He supports the government's decision to test the stun guns, and hopes the findings will reassure the public that they are important tools for police.

"When we use the Taser gun it is the last resort before the real gun," said Dauphin. "That is why on the island … we made sure with our police authorities that [the stun gun] has to be used in a very restricted operation."

Dupuis is expected to hold a news conference Friday to give more details.

Taser International has not responded to the Quebec action. However, the company has criticized CBC/Radio-Canada's investigation, saying the testing methods were flawed.


----------



## chris_log (27 Mar 2009)

And when the police shoot somebody, cry is going to be made demanding "where were the tasers". 

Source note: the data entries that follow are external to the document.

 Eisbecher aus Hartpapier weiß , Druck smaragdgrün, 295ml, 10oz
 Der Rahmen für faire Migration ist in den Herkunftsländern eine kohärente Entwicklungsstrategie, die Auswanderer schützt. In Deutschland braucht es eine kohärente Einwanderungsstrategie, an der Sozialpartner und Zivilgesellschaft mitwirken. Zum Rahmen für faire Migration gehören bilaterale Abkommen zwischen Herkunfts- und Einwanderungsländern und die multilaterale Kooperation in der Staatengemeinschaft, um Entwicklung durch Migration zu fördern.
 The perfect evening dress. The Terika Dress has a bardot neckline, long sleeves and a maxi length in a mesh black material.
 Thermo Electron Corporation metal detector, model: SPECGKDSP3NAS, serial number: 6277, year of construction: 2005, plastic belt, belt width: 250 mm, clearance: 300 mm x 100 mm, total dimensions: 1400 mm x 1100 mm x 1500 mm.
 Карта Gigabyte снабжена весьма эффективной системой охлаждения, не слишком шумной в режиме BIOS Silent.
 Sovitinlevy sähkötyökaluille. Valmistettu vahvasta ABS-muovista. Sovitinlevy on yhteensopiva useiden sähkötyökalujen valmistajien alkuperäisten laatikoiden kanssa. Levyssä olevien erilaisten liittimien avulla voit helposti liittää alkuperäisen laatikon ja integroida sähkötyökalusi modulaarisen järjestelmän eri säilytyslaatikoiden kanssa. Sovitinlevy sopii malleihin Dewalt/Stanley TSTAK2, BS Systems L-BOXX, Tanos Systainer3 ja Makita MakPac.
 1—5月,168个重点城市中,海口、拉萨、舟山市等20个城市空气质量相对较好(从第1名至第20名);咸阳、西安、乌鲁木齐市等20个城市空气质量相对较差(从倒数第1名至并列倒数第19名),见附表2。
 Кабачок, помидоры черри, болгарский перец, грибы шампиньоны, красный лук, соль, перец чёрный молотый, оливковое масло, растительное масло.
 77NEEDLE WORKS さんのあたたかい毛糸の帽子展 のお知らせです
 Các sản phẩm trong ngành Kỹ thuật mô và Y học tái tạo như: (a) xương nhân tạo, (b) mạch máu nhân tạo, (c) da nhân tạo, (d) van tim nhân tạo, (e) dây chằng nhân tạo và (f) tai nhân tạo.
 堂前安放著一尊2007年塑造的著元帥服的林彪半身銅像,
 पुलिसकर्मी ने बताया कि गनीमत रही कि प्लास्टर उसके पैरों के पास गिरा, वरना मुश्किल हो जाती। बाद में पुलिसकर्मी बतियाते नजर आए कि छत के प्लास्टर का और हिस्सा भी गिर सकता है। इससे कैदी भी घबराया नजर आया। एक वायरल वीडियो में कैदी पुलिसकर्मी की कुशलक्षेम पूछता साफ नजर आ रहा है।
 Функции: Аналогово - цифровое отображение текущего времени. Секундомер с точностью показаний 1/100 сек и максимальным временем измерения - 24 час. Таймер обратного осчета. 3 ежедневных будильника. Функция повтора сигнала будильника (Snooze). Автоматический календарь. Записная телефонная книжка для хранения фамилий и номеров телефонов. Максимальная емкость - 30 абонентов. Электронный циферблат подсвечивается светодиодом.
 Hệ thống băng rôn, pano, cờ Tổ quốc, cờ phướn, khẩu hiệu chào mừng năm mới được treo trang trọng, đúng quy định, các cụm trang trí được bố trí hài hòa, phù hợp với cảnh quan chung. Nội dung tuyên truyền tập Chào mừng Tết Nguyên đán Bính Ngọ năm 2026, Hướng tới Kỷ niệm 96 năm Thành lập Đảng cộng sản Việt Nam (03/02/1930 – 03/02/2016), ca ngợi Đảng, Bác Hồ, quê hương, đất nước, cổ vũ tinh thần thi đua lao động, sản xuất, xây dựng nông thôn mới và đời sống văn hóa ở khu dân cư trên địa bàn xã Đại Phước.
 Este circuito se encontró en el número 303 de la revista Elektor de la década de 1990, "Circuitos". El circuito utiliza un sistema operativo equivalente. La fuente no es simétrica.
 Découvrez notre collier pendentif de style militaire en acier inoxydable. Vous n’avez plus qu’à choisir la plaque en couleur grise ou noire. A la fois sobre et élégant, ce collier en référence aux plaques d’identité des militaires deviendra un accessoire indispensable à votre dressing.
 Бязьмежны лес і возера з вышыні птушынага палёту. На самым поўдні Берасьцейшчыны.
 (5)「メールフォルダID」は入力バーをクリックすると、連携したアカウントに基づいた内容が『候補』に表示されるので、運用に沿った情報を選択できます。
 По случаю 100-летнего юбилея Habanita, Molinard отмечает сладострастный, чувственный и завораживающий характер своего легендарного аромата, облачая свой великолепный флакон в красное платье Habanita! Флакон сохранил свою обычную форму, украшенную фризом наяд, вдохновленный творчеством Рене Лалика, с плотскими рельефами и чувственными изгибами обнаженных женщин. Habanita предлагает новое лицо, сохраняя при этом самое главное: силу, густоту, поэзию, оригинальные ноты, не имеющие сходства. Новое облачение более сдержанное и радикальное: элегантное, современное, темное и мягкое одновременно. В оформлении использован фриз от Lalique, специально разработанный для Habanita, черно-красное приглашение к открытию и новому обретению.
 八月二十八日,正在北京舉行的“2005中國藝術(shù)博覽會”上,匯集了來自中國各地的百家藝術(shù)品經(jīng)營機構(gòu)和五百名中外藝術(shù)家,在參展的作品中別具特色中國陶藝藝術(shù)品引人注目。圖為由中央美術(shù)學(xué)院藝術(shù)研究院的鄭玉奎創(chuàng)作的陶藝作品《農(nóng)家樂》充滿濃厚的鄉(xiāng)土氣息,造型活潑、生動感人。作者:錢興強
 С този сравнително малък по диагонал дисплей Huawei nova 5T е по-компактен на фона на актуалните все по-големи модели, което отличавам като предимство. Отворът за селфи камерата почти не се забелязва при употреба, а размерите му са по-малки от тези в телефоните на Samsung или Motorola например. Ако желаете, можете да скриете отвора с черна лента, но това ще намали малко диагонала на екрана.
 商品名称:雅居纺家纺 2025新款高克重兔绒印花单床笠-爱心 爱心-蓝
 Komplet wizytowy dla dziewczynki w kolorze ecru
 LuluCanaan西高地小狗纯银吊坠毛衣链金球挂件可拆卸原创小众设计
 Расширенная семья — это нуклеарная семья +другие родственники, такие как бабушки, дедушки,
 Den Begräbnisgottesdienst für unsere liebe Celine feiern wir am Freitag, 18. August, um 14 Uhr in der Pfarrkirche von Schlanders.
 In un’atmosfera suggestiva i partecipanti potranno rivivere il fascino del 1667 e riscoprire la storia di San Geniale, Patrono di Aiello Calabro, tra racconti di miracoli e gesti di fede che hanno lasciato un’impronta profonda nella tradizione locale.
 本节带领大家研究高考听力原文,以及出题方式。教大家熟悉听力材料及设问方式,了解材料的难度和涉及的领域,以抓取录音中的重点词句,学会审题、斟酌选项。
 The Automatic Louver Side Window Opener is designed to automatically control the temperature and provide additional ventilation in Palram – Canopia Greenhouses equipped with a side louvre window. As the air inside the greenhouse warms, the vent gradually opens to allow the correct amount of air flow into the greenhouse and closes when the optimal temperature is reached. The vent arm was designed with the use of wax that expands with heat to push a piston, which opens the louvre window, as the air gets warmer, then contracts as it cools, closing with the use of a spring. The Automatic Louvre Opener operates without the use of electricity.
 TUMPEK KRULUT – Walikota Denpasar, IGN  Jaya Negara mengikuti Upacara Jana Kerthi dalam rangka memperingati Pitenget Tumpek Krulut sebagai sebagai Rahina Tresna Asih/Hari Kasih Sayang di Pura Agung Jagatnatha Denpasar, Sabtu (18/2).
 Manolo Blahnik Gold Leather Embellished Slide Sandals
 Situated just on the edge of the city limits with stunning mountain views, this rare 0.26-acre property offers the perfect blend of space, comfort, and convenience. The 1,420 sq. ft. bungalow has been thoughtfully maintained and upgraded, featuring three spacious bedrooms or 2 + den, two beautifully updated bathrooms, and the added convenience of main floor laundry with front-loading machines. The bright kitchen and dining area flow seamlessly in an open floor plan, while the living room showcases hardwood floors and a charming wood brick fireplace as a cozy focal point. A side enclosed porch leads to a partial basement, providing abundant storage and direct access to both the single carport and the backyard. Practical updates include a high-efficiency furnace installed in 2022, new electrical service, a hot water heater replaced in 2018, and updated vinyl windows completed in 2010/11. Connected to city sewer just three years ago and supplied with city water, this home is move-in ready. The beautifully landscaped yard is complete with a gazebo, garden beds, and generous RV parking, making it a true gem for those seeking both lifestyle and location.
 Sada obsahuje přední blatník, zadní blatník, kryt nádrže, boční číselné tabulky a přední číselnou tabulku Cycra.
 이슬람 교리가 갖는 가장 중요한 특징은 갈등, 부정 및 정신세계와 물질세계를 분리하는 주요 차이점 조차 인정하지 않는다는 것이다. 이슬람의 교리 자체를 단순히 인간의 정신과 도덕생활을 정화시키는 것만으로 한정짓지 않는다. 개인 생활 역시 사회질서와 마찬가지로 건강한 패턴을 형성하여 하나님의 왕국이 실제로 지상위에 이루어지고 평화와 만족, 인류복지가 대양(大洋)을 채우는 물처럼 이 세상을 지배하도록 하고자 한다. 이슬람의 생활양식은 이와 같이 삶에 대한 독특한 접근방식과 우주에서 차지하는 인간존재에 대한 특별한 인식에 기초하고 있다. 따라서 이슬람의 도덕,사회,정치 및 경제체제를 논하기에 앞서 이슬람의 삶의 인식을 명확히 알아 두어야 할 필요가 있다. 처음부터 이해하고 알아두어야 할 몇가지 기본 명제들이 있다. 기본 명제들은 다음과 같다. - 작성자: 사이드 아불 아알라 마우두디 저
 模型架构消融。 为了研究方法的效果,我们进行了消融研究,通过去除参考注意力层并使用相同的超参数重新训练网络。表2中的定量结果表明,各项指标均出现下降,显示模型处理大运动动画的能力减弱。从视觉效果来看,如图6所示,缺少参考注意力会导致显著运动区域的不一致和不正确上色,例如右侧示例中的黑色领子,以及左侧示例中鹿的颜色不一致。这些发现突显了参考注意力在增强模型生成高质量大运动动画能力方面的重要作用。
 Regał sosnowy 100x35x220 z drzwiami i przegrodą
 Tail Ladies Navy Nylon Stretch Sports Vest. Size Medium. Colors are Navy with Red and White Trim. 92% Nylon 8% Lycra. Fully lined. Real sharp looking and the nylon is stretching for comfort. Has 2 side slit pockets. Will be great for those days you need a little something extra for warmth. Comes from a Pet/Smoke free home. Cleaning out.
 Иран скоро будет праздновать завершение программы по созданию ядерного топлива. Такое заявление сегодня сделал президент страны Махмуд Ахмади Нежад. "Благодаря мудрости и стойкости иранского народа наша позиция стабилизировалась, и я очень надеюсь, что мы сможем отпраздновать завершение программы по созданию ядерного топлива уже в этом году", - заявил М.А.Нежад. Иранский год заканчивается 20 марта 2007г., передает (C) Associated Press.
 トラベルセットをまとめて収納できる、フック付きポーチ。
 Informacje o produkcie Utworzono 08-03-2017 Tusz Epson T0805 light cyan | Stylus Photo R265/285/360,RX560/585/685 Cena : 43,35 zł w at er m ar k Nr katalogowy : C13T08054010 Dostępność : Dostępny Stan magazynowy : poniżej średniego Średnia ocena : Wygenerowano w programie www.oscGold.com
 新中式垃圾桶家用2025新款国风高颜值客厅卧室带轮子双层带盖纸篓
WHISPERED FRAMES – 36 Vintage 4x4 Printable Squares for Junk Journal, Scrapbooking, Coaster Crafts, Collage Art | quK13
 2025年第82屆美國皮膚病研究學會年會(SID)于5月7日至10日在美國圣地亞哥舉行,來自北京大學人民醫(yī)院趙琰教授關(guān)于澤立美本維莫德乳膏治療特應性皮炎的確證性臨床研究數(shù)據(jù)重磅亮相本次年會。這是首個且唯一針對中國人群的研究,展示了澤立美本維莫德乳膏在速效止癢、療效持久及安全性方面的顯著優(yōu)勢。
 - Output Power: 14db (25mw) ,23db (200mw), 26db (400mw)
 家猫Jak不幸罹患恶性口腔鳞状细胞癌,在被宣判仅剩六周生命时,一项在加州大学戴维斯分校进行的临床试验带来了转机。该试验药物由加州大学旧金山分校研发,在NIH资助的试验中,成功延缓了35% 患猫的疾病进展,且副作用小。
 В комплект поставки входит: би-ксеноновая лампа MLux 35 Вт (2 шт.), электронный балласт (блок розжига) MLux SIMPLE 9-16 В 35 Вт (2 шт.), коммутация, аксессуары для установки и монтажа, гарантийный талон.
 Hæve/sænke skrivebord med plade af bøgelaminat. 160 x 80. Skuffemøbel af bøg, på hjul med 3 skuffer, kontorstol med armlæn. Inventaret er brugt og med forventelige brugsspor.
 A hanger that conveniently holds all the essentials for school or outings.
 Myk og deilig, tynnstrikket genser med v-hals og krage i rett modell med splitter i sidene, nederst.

I honestly think it's loose-loose when it comes to police use of force. No matter what the situation people get all up in arms when the police do more then politely ask someone to put their hands behind their back.

 :


----------



## JBoyd (27 Mar 2009)

Piper said:
			
		

> And when the police shoot somebody, cry is going to be made demanding "where were the tasers".
> 
> I honestly think it's loose-loose when it comes to police use of force. No matter what the situation people get all up in arms when the police do more then politely ask someone to put their hands behind their back.
> 
> :



I'll have to agree with you on that, It seems that the general populace just wants to find something to b***h about, and nothing will ever be good enough for them.


----------



## PMedMoe (27 Mar 2009)

If I'm understanding this correctly, the tasers were recalled due to malfunctions and presently only 167 still require testing.  Much like a recall on a vehicle, no?  Better to get them fixed then have another "incident" for people to gripe and moan about.


----------



## aesop081 (27 Mar 2009)

Piper said:
			
		

> And when the police shoot somebody, cry is going to be made demanding "where were the tasers".



Thats exactly what happenned last week in Vancouver.


----------



## chris_log (27 Mar 2009)

CDN Aviator said:
			
		

> Thats exactly what happenned last week in Vancouver.



Well, that was what happened first. Now all the media reports, headlines and comments are around the fact that the police confronted the wrong guy. No mention, of course, that he came at them with a knife. Yeah, he may have been the wrong guy....but he still came at officers with a weapon. 

It makes me physically sick sometimes at how idiotic people are.


----------



## 2 Cdo (27 Mar 2009)

Piper said:
			
		

> Well, that was what happened first. Now all the media reports, headlines and comments are around the fact that the police confronted the wrong guy. No mention, of course, that he came at them with a knife. Yeah, he may have been the wrong guy....but he still came at officers with a weapon.
> 
> It makes me physically sick sometimes at how idiotic people are.



Unfortunately it's not against the law to be stupid! Darwinism at it's best.


----------



## chris_log (27 Mar 2009)

2 Cdo said:
			
		

> Unfortunately it's not against the law to be stupid! Darwinism at it's best.



It is when you use a knife. I sense that this person will become a martyr to the cause for the wackos from both sides of the political spectrum for 'defending' himself from the 'police state'. This is kinda getting off topic though...


----------